Emotional Baggage Blocking New Love

 By Nina Atwood

By Nina Atwood

I have been dating someone for about three months, very soon after my divorce. He is by far the most kind, considerate, and giving man I’ve ever known. Our relationship is very good. We don’t argue or fight (unlike with my ex), and when we have a problem we discuss it openly and work things out. The problem I’m having is that I keep finding ways to push him away (although I apologize later and set things right). I find myself resisting commitment and sometimes being uncomfortable, almost as if I just can’t accept the love that is flowing my way. I keep telling myself that it is too soon for me to be involved with someone. I really care for this man, am very attracted to him, and don’t want to blow a great relationship. What should I do?   – Lisa

First of all, as you pointed out, you are still processing the end of your marriage. Even though the legal divorce is final, the emotional divorce has its own, separate timetable.
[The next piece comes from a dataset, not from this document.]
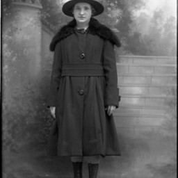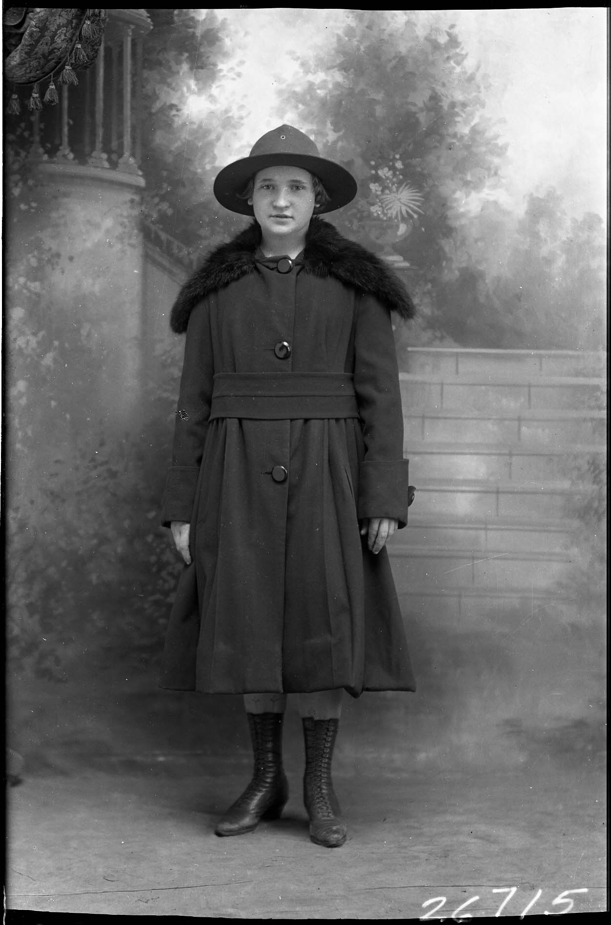 Unidentified young woman is wearing a hat, fur collar, and overcoat with three large buttons down the front.

It takes time, different for everyone, to sort through the loss, the grief, the anger, the guilt, the remorse, and finally, to make room in your heart for forgiveness, first for yourself, and secondly for him.

One way you can facilitate that process is to do an exercise (which I actually invented when I was going through my divorce). Take a sheet of paper and at the top put something like: “How I Will Know I Have Healed My Relationship With (your ex)”. Then, place yourself down the road emotionally to that day when your heart is healed from your marriage and your divorce. Imagine that day, how you will feel, what your life will look like, what you will be doing. Then, begin listing the things that you envision, being as specific as possible. My list contained items like the following:

  1. I no longer cry or grieve for him, for what we had that was lost or for what might have been.
  2. I can talk to him without getting angry, raising my voice, or making accusations.
  3. I can talk to him without getting my feelings hurt or crying.
  4. I can run into him with his new girlfriend (or wife) and not feel jealousy, anger, or bitterness. I can actually be glad for him that he’s found someone new that makes him happy.
  5. I genuinely wish him well and hope that he has all good things in life.
  6. I feel grateful for the time that we shared and for the lessons that I learned.
  7. I remember both good times and bad in our relationship; I celebrate the good and I accept the bad as part of the fabric of my life.
  8. I believe again that most men are good and worthy, and that there’s someone new for me down the road.
  9. I believe in the joy of love relationships and the power of commitment and marriage, and I can visualize myself having those things once again.
  10. My heart is open once again, ready to give and to receive love in the healthiest way possible. I am able to be vulnerable, and to still take care of myself.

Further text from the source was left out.